__Directions__
Although the data below contains pictures, please reproduce only its words, exactly.

__Collected data__
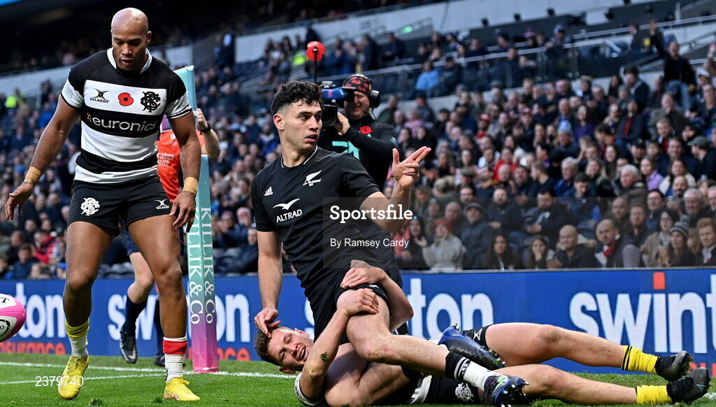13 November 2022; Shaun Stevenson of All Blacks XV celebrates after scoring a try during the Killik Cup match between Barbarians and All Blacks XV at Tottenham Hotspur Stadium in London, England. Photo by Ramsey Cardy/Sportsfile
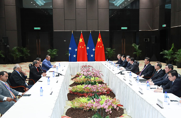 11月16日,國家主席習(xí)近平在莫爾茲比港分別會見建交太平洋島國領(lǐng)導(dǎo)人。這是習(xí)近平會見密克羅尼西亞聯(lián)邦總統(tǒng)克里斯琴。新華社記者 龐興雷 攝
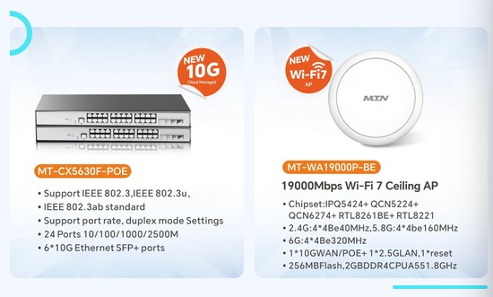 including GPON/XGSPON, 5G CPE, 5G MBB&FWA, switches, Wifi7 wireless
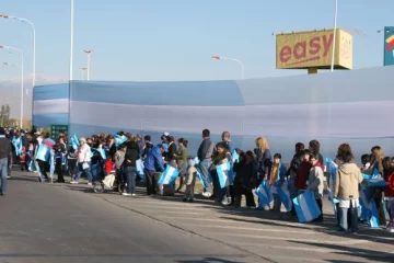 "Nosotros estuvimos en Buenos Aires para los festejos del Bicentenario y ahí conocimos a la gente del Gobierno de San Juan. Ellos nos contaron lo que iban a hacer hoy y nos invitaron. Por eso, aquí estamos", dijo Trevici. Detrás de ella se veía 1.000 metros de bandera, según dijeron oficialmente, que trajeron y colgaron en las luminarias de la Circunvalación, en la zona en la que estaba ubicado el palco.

__Exercise output__
13 November 2022; Shaun Stevenson of All Blacks XV celebrates after scoring a try during the Killik Cup match between Barbarians and All Blacks XV at Tottenham Hotspur Stadium in London, England. Photo by Ramsey Cardy/Sportsfile
 11月16日,國家主席習(xí)近平在莫爾茲比港分別會見建交太平洋島國領(lǐng)導(dǎo)人。這是習(xí)近平會見密克羅尼西亞聯(lián)邦總統(tǒng)克里斯琴。新華社記者 龐興雷 攝
 including GPON/XGSPON, 5G CPE, 5G MBB&FWA, switches, Wifi7 wireless
 "Nosotros estuvimos en Buenos Aires para los festejos del Bicentenario y ahí conocimos a la gente del Gobierno de San Juan. Ellos nos contaron lo que iban a hacer hoy y nos invitaron. Por eso, aquí estamos", dijo Trevici. Detrás de ella se veía 1.000 metros de bandera, según dijeron oficialmente, que trajeron y colgaron en las luminarias de la Circunvalación, en la zona en la que estaba ubicado el palco.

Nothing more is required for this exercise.